1. What can one do challengingly? 2. Can you make a spontaneous five-minute speech in English? 3. Is it polite to break in when the speaker is in the middle of a phrase? 4. What is your reaction when you are hindered in your work? 5. What was the name of the ancient Greek whose ambition made set a temple on fire? 6. Are there any savage tribes in the world nowadays?

5. Describe an incident from your life when: 1. you had a nightmare; 2. somebody failed to convey something important to you; 3. something was done by tacit consent; 4. somebody tried to shout you down.

6. Recall the situations from the book under discussion suggested by the sentences:

1. Jack broke in, "All the same you need an army – for hunting."

2. All three of them tried to convey the sense of the pink live thing struggling in the creepers.

3. Jack slammed his knife into a trunk and looked round challengingly.

4. "You are hindering Ralph." 5. "He must have had a nightmare."

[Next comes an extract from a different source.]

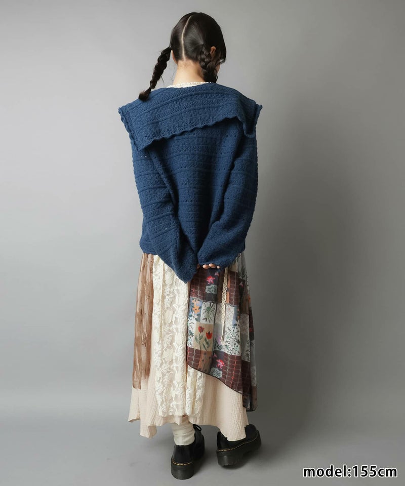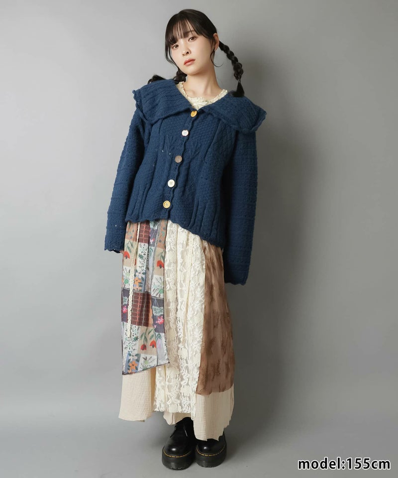 【レトロな雰囲気が可愛い♡異素材ドッキングロングスカート】

6. Spontaneously they began to clap and presently the platform was loud with applause.

7. Piggy opened his mouth to speak, caught Jack's eye, and shut it again.

8. "After all, we're not savages." 9. They stirred and began to shout him down.

10. "Now you... set the whole island on fire."

11. ...by tacit consent they left the shelter and went towards the bathing-pool.

7. Paraphrase or explain:

1. He stood now, warped out of the perpendicular the fierce light of publicity,... (p. 77)

2. The older boys agreed; but here and there among the little ones was the dubiety that required more than rational assurance. (p. 79)

3. Then, with the martyred expression of a parent who has to keep up with the senseless ebullience of the children, he picked up the conch,... (p. 82)

4. His voice lifted into the whine of virtuous re­crimination. (p.89)

8. Explain the meaning of the words humour and heart in these sentences (p. 80-81):

1. The eyes that looked so intently at him were without humour.

2. Ralph lifted the conch again and his good humour came back...

3. Again came the sounds of cheerfulness and better heart.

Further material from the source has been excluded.